Standing Together: Heal America Tour to Host Community Discussion on Race, Reform in Minneapolis

July 28, 2020 by Reece Nations

MINNEAPOLIS – A panel of community leaders will lead a discussion on systemic injustices in Minneapolis, Minn., on Wednesday as a part of the “Heal America Tour”, a series of events designed to spark productive dialogues on inequality in America.

The event, hosted by Bishop Omar Jahwar in partnership with Stand Together, will take place just a few miles from the location where George Floyd was killed while in Minneapolis police custody. 

Jahwar is CEO and founder of Urban Specialists, an organization dedicated to curbing the spread of gang-related violence and youth rehabilitation. The tour, organized by Stand Together, is operating in conjunction with Urban Specialists to convene with national and local leaders in an effort to share tangible solutions to difficult issues faced across the country.

Although the group has experienced a recent surge in support from community activists, Stand Together has addressed the rifts between community and law enforcement for years with Urban Specialists. Notably, after a July 2016 shooting that killed five Dallas police officers and injured nine others, the organizations began actively promoting safety and non-violent resolutions at 18 different Dallas Public School District campuses. 

Stand Together and Urban Specialists jointly aim to reinvigorate the trust between members of the community and law enforcement through these events.

“It has always been our mission to go where the pain is,” Jahwar said. “Because that’s where (injustice) isn’t theoretical, it’s truth. And so that’s why you got to go to where the people are in the most pain.” 

Hosting the event with citizens still dealing with the fallout from Floyd’s murder was a significant point of emphasis, he said. This stop on the nationwide “Heal America Tour”, which will be held at Shiloh Temple International Ministries in Minneapolis, is free for the public to attend.

One objective of the series is to foster an understanding of the culture in these communities to see which areas are in need of the most attention, Jahwar said. Everything from the standpoint of community outreach and local development starts with empathy for the people in those areas, which is achieved mainly through one-on-one interactions.

“We don’t want to be the guys who fly in and say ‘This is what we believe,’” he said. “We want to be the guys who start from the bottom up and say ‘There is scalability in your progress if we agree that progress can happen.’”

Evan Feinberg, senior vice president of Stand Together, echoed the sentiment that the tour is based upon non-radical ideas that lead to tangible solutions. As a result, the groups’ advocacy has centered around broad police and criminal justice reform.
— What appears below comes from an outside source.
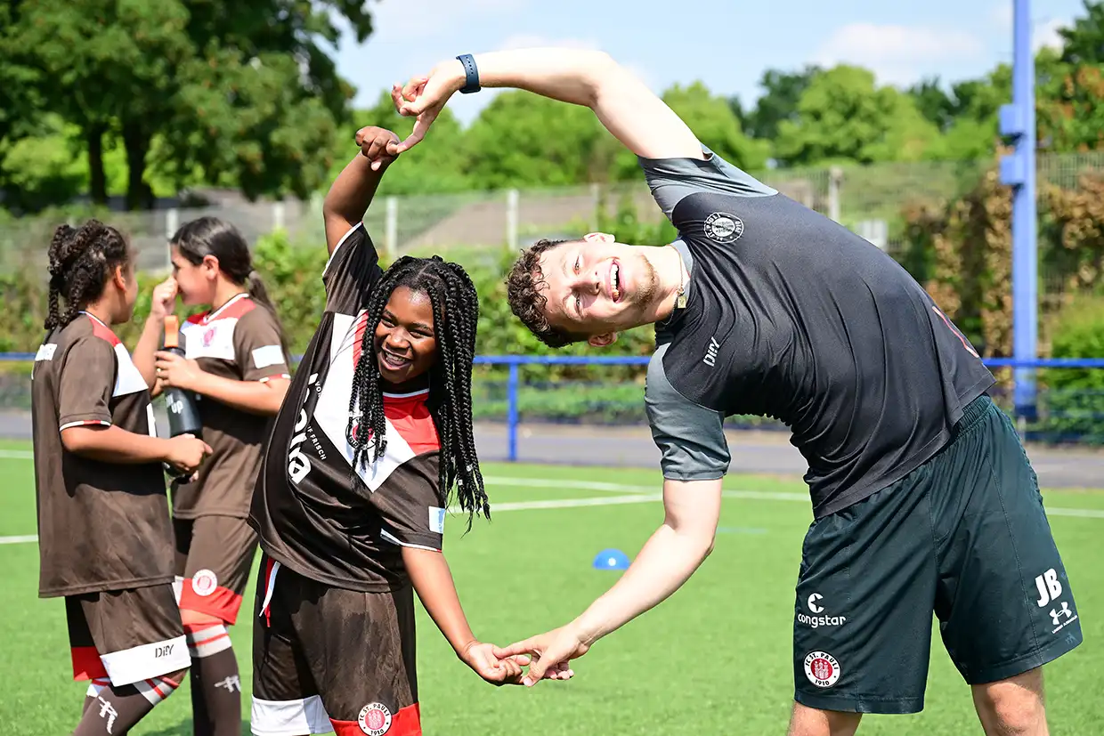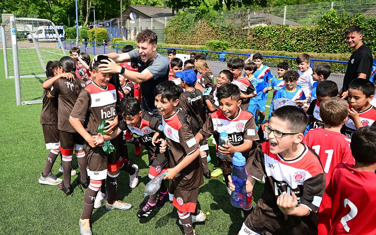 The final tournament in Darmstadt is also representative of the integrative nature of the educational program. United by the motivating power of soccer, children from a wide range of countries came together for a big soccer festival in which they were able to represent the colors of their respective partner clubs. The participants not only demonstrated the progress they have made in soccer over the past year, but also experienced solidarity, fair play and teamwork at first hand. The groups from the Grundschule an der Glinder Au (U10) and Herbert-Grillo-Gesamtschule (U14) were particularly pleased to win on behalf of FC St. Pauli and MSV Duisburg and raise the coveted challenge cup to the sky in Darmstadt. The groups from Braunschweig (Diesterwegstraße elementary school) and Mainz (IGS Mainz Bretzenheim) were given a special honor when they were awarded the Fair Play Cup for their exemplary behavior.

Transforming the culture surrounding the law enforcement community to encourage transparency and accountability was a key point Feinberg touched on. Policy amendments within police forces regarding training tactics and union contracts that protect bad actors in cases of misconduct are imperative, he said.

“The way that we heal as a country is first acknowledging that these injustices exist and that we all come together and commit ourselves to the cause of removing whatever barriers are preventing us from realizing our potential,” Feinberg said. “And the beautiful thing about America has been that we were founded on these great principles and that we’ve had the ability to self-correct and apply those principles to drive progress. And so, the goal now is to figure out what solutions will actually drive that progress.”

Further, Feinberg said issues like civil asset forfeiture, qualified immunity and quotas that overemphasize ticketing and arrest numbers are targets of necessary police reform. Measures that eliminate law enforcement’s “unnecessary criminalization” of societal problems is also underscored throughout the tour.

Police should be focused on preventing and solving serious crime, he said. Problems like homelessness, mental illness and substance abuse should be left to specially trained community social workers instead. 

“For us, that’s a robust policy agenda,” Feinberg said. “At the federal level, the state level, and then, of course, at the local community and precinct level, we think it gives a framework for thinking about what productive reform looks like.”